Axel Honneth : “Le travail acharné n’attire plus l’attention”
Comment s’articulent le monde du travail et la vie politique ? Pour le philosophe allemand Axel Honneth, la question est décisive. Elle est pourtant rarement posée par les penseurs de la démocratie. La mutation pandémique du travail pourrait être l’occasion de se pencher sur le problème à nouveaux frais.
La question du travail est souvent la grande absente des réflexions sur la démocratie. Pourquoi ?
Axel Honneth : Il y a des raisons très simples à cela, à commencer par le fait que les philosophes entrent rarement en contact avec le monde du travail classique. De plus, certains secteurs du monde du travail – notamment ceux qui impliquent un effort physique intense –, sont peu représentés dans la conscience publique. Mais il y a aussi deux raisons internes à la théorie de la démocratie elle-même. Premièrement, le marché du travail est souvent compris comme un champ dans lequel aucune intervention politique ne semble possible. Un espace trop complexe, régi par ses propres lois. Cette idée joue notamment un rôle dans les théories de Jürgen Habermas et John Rawls. De leur point de vue, le marché du travail est un mal nécessaire. Un mal, car il engendre d’innombrables problèmes, à commencer par un travail répétitif et aberrant. Nécessaire, pourtant, car on travaillerait bien peu sans la règle de l’offre et de la demande. Par exemple, pour doter une organisation caritative d’un personnel compétent, il est nécessaire d’en passer par des incitations financières. En somme, le marché du travail est comme une zone grise, que l’on ne peut pas vraiment pénétrer philosophiquement. Deuxième raison interne aux théories de la démocratie : nous avons pris l’habitude de débattre des questions de justice avec, en tête, le principe d’égalité sociale. La question est donc toujours : comment faire en sorte que nos conditions sociales se rapprochent le plus possible de ce principe d’égalité ? Cependant, si vous regardez le monde du travail, cette idée d’égalité semble un peu à côté des enjeux. Bien sûr, il faut dénoncer la discrimination – Rawls et Habermas l’ont toujours fait. Mais, lorsqu’il s’agit de penser le travail aberrant ou épuisant, le principe d’égalité n’est plus d’aucune aide. La question n’est pas « Comment égaliser les relations de travail ? », mais « Comment organiser au mieux le travail, selon les secteurs, pour qu’il favorise, en particulier, une meilleure participation à la démocratie ? »

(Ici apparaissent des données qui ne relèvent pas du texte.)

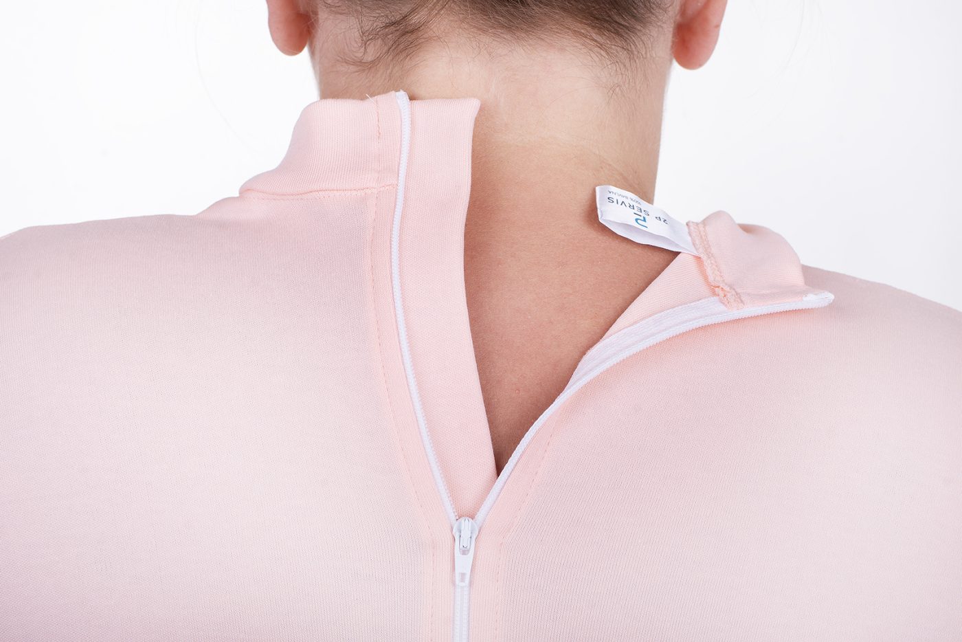 Overal pro inkontinentní pacienty Inko Long meruňka má jeden zip na zádech s krycí vnitřní légou vedoucí od krku pod pas. Druhý zip bez krycí vnitřní légy celopropínací vnitřní část nohavic. Bezpečnostní pojistka jezdce zipu nohavic proti rozepnutí. Materiál: 100% bavlna úplet. Praní: na 95°C.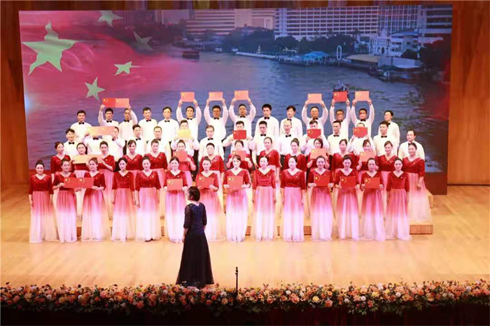 比赛结束后,委领导登上舞台,同观众们一起高唱《没有共产党就没有新中国》,演员和观众们情不自禁站起身,挥舞手中红旗,尽情歌唱,高颂党的恩情,坚定永远跟党走的决心。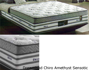 Dreamland Chiro Amethyst Sensotic * Miracoil (TM) - the world's most advanced spring system * Sensotic yarn to relieve body tension * 50% more coil in the center zone for comfort & back care * 100% natural latex * 10 years Warranty * Feel : Soft * Thickness : 13" Single Super Single Queen King |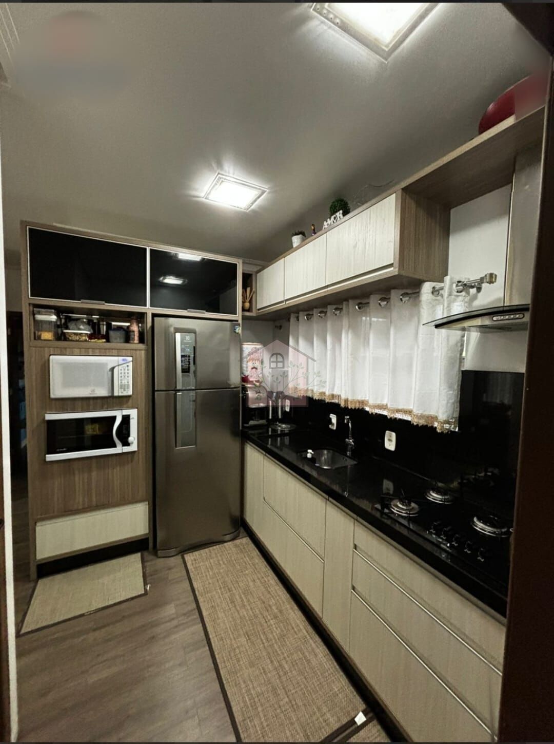 Permanecem os móveis sob medida, lustres, fogão e coifa.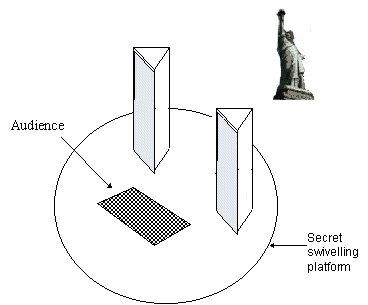 1. David Copperfield mempunayi alat yang super canggih dengan tempat duduk penonton yang bisa berputar-putar. Pertama David Copperfield mengeset semua alatnya dalam kondisi seperti gambar diatas, sehingga pandangan penonton tertuju pada patung Liberty saja.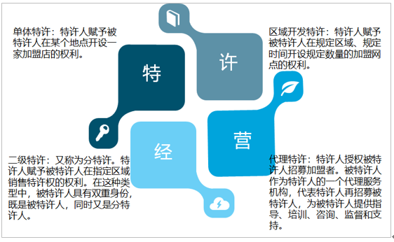 特许经营的类型主要有单体特许、区域开发特许、二级特许和代理特许。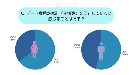 デート費用が家計(生活費)を圧迫していると感じるかという質問に対し、「はい」と回答した男性は45%、女性は35%、その差10%という結果となりました。

“Pour beaucoup, le marché du travail est comme une zone grise, que l’on ne peut pas vraiment pénétrer philosophiquement”
Prendre publiquement la parole, qui est le fondement de la démocratie, est-il particulièrement problématique au sein du monde du travail ?
À première vue, avec le recul des cinquante dernières années, on constate que les principes d’autonomie et de droit de parole sur les conditions de socialisation se sont énormément renforcés. Dans l’éducation, les enfants sont autorisés à exprimer leurs opinions et leurs croyances. Les écoles ne sont plus aussi autoritaires qu’elles l’étaient à mon époque. Avec l’entrée dans le monde du travail, cependant, il y a une rupture massive. Il existe encore des zones résiduelles dans l’industrie, où la possibilité de prendre la parole est plus prononcée – mais dans le secteur du prolétariat de service, par exemple, rien de tel n’existe. L’opinion des gens n’est jamais requise ; il s’agit, simplement, de faire ce qu’on vous dit. La promesse politique, c’est qu’en tant que citoyen libre, vous pouvez, et même devez, participer à la démocratie ; de ce point de vue, le monde du travail est un monde alternatif. Et presque personne ne se demande comment ces deux mondes s’articulent réellement.